Kegiatan ini menjadi respons terhadap tantangan Kurikulum Merdeka yang menekankan pembelajaran mendalam (deep learning), literasi teknologi, dan keberlanjutan. MGMP Kimia Kota Bandung berkomitmen menjadikan pelatihan ini sebagai program tahunan, didukung LPPM UPI melalui pendampingan daring dan publikasi praktik baik dalam jurnal ilmiah.
“Jika guru kreatif, maka siswa akan belajar secara kreatif. Pendidikan bukan hanya tentang ilmu, tapi memberi daya dalam proses belajar,” tutup Dr. Wawan Wahyu.

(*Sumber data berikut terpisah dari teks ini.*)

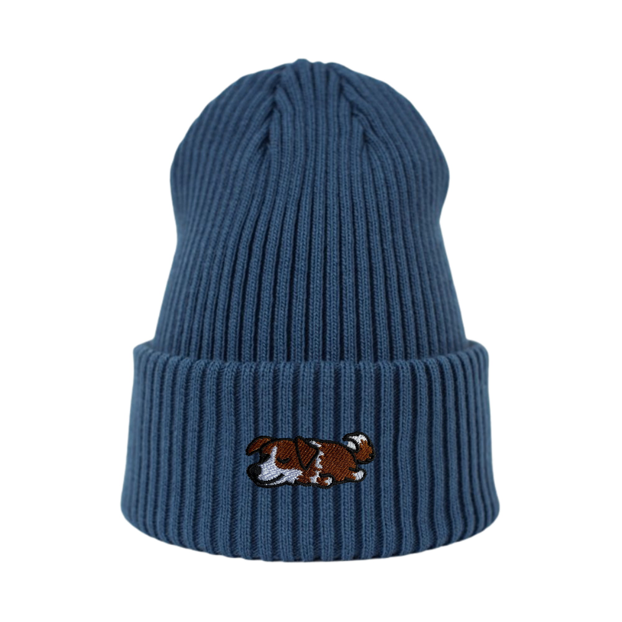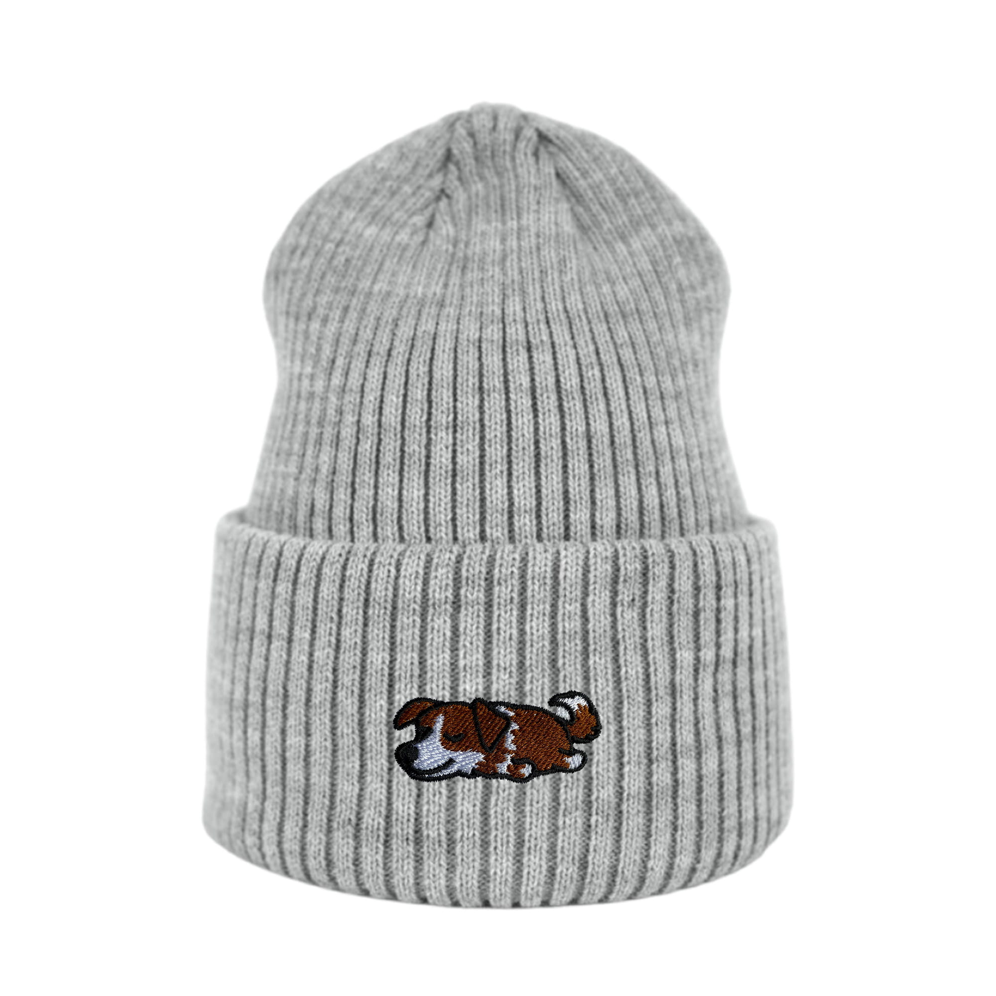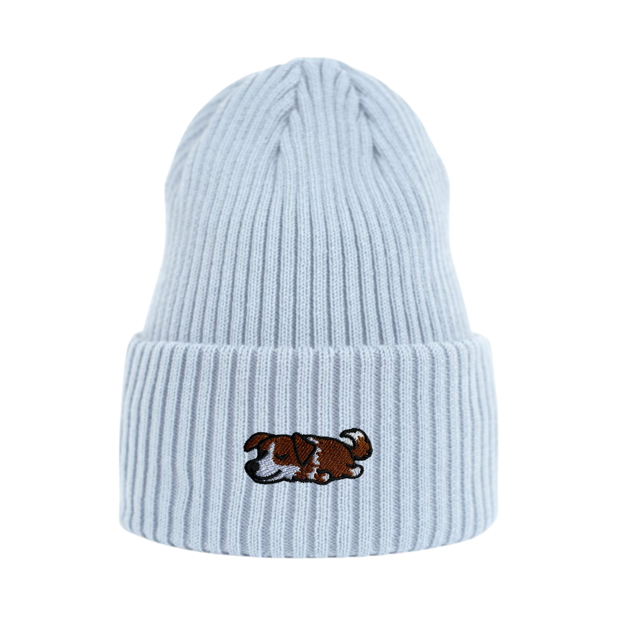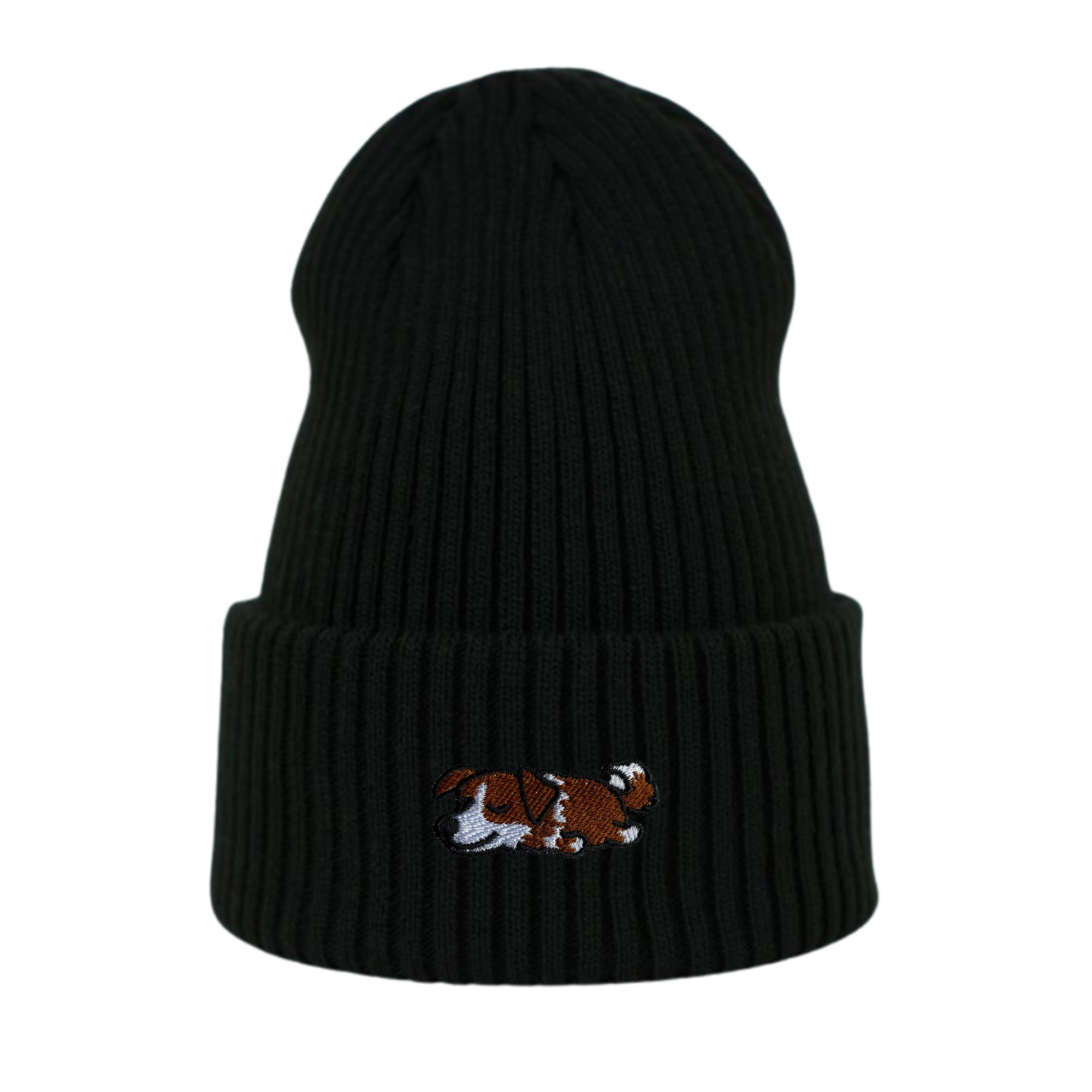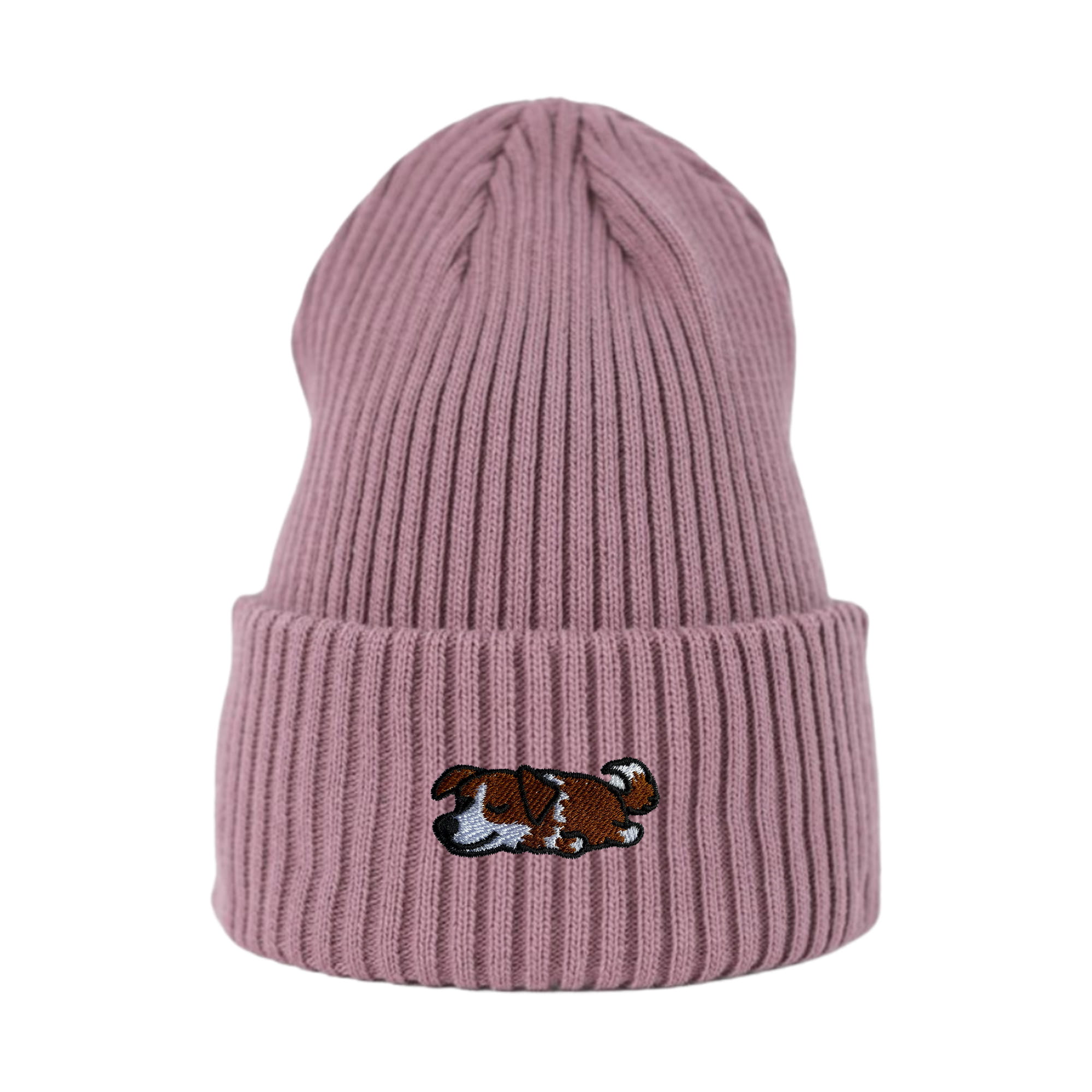 Haftowana czapka beanie - ŚPIĄCY BRĄZOWY BORDER COLLIE

Pelatihan ini menjadi langkah strategis dalam membangun kolaborasi antara perguruan tinggi dan guru, guna mewujudkan pendidikan kimia yang inovatif, berkelanjutan, dan berdaya saing global.
—
Untuk informasi lebih lanjut, hubungi:
Kantor HUMAS UPI
Jl. Dr. Setiabudhi No. 229, Gedung University Center Lantai 6, Bandung
Email: [email protected] | Telp: +6285133332559
(https://berita.upi.edu/pelatihan-creative-pedagogy-bagi-guru-kimia-kota-bandung-mengusung-inovasi-pembelajaran-model-c-r-e-a-t-e-berbasis-deep-learning-esd-dan-pemanfaatan-teknologi-ai/)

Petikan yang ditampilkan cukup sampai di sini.